*WORK TASK*: Please repeat the entries word for word and keep the images out.
++++ THE DATA
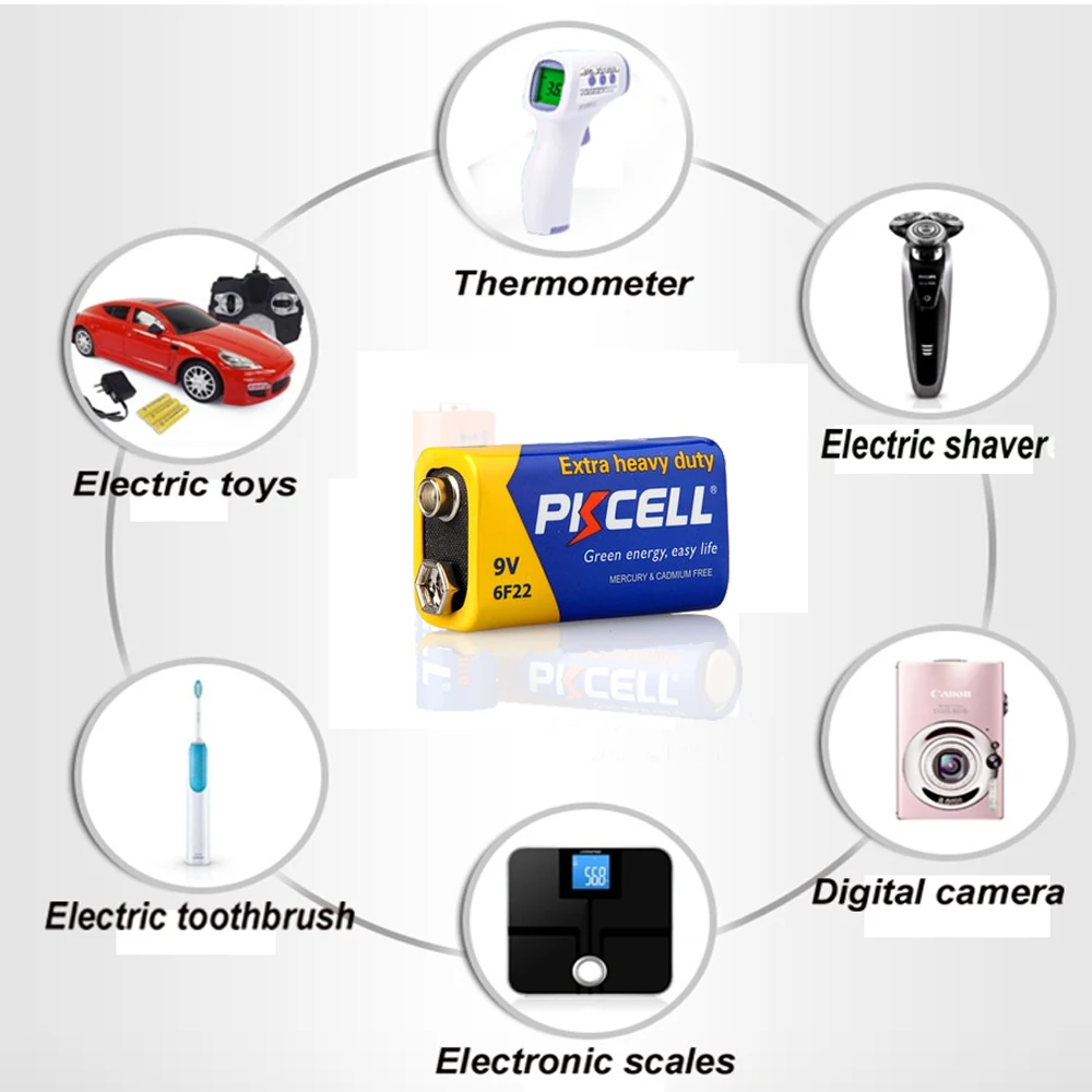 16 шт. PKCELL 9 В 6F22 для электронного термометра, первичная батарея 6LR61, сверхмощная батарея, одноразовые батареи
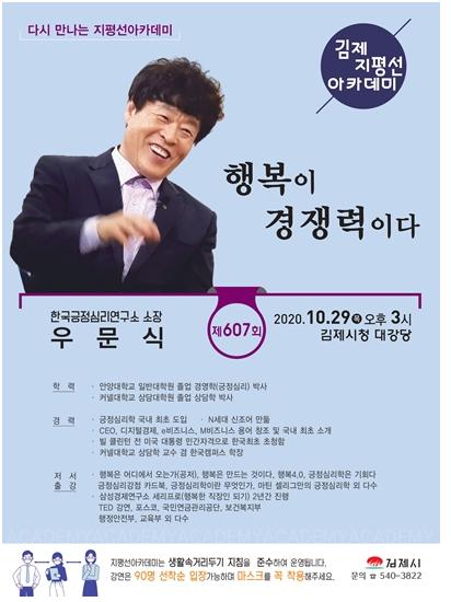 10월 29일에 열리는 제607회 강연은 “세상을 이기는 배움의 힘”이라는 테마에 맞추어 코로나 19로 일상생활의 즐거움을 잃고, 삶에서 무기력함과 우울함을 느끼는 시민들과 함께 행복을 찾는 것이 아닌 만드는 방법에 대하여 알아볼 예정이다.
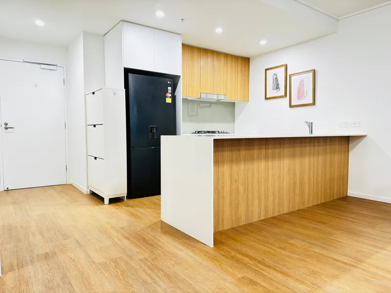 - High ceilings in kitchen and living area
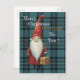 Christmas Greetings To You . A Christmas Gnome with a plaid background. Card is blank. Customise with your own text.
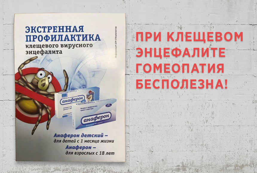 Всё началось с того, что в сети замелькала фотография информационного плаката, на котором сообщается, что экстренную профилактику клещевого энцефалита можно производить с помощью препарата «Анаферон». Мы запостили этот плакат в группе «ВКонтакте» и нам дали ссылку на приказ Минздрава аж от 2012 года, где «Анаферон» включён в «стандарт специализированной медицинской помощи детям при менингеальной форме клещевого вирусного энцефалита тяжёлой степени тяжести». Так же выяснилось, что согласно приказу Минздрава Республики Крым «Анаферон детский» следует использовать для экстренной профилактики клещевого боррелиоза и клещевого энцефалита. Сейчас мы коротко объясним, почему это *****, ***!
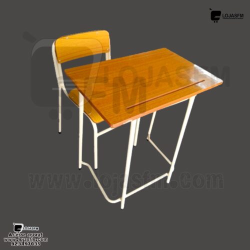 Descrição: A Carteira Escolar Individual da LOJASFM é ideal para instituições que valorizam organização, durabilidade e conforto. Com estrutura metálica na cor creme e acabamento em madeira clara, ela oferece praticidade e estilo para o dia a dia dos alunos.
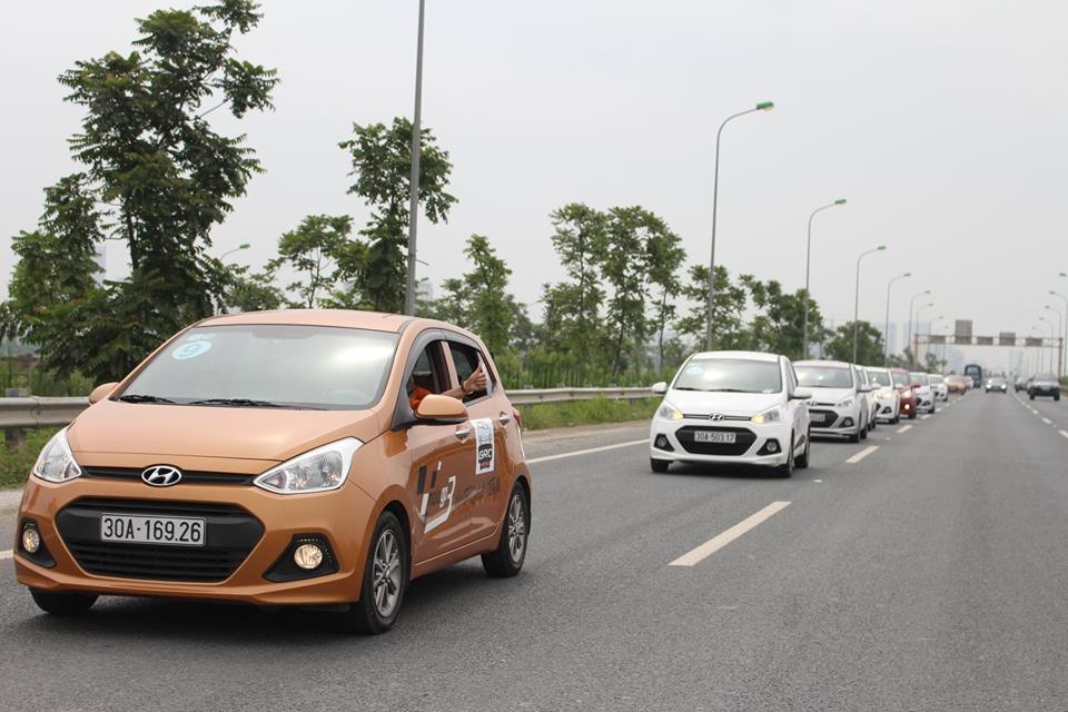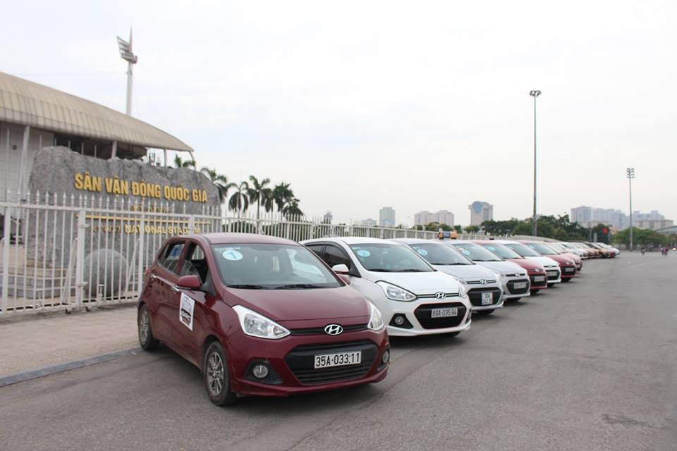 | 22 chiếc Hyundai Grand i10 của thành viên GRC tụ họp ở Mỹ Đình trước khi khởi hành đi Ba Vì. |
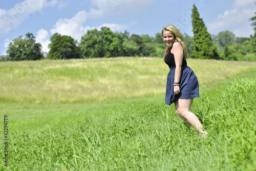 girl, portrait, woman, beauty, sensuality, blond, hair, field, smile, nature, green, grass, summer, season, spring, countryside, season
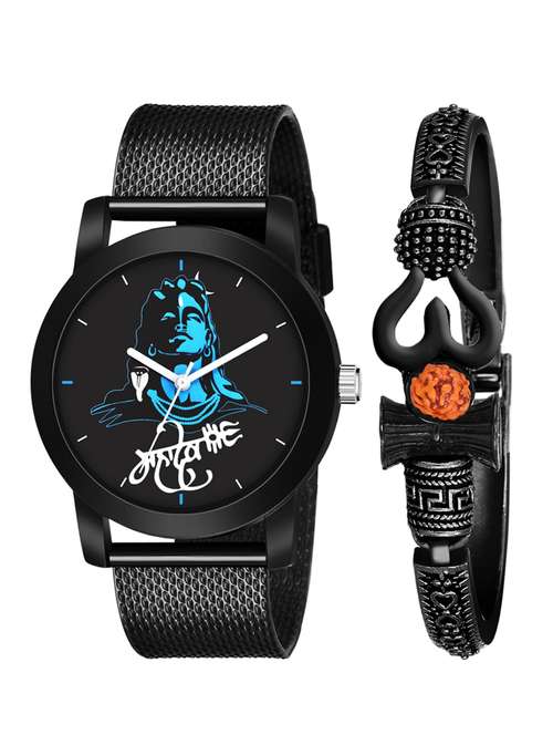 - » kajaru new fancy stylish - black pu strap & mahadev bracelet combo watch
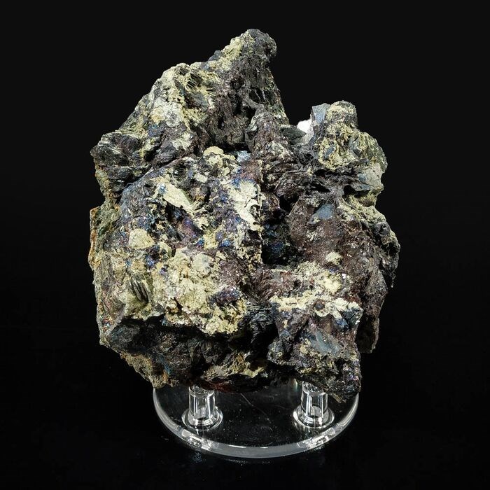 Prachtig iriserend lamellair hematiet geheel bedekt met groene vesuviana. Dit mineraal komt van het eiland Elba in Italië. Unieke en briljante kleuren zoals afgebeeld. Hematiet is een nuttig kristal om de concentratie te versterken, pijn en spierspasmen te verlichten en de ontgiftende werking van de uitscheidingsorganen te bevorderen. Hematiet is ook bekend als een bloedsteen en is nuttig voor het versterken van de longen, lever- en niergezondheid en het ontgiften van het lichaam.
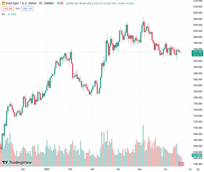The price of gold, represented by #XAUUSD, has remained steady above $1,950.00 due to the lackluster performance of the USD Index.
++++++++
*REPLY TO THE TASK*:
 16 шт. PKCELL 9 В 6F22 для электронного термометра, первичная батарея 6LR61, сверхмощная батарея, одноразовые батареи
 10월 29일에 열리는 제607회 강연은 “세상을 이기는 배움의 힘”이라는 테마에 맞추어 코로나 19로 일상생활의 즐거움을 잃고, 삶에서 무기력함과 우울함을 느끼는 시민들과 함께 행복을 찾는 것이 아닌 만드는 방법에 대하여 알아볼 예정이다.
 - High ceilings in kitchen and living area
 Christmas Greetings To You . A Christmas Gnome with a plaid background. Card is blank. Customise with your own text.
 Всё началось с того, что в сети замелькала фотография информационного плаката, на котором сообщается, что экстренную профилактику клещевого энцефалита можно производить с помощью препарата «Анаферон». Мы запостили этот плакат в группе «ВКонтакте» и нам дали ссылку на приказ Минздрава аж от 2012 года, где «Анаферон» включён в «стандарт специализированной медицинской помощи детям при менингеальной форме клещевого вирусного энцефалита тяжёлой степени тяжести». Так же выяснилось, что согласно приказу Минздрава Республики Крым «Анаферон детский» следует использовать для экстренной профилактики клещевого боррелиоза и клещевого энцефалита. Сейчас мы коротко объясним, почему это *****, ***!
 Descrição: A Carteira Escolar Individual da LOJASFM é ideal para instituições que valorizam organização, durabilidade e conforto. Com estrutura metálica na cor creme e acabamento em madeira clara, ela oferece praticidade e estilo para o dia a dia dos alunos.
 | 22 chiếc Hyundai Grand i10 của thành viên GRC tụ họp ở Mỹ Đình trước khi khởi hành đi Ba Vì. |
 girl, portrait, woman, beauty, sensuality, blond, hair, field, smile, nature, green, grass, summer, season, spring, countryside, season
 - » kajaru new fancy stylish - black pu strap & mahadev bracelet combo watch
 Prachtig iriserend lamellair hematiet geheel bedekt met groene vesuviana. Dit mineraal komt van het eiland Elba in Italië. Unieke en briljante kleuren zoals afgebeeld. Hematiet is een nuttig kristal om de concentratie te versterken, pijn en spierspasmen te verlichten en de ontgiftende werking van de uitscheidingsorganen te bevorderen. Hematiet is ook bekend als een bloedsteen en is nuttig voor het versterken van de longen, lever- en niergezondheid en het ontgiften van het lichaam.
The price of gold, represented by #XAUUSD, has remained steady above $1,950.00 due to the lackluster performance of the USD Index.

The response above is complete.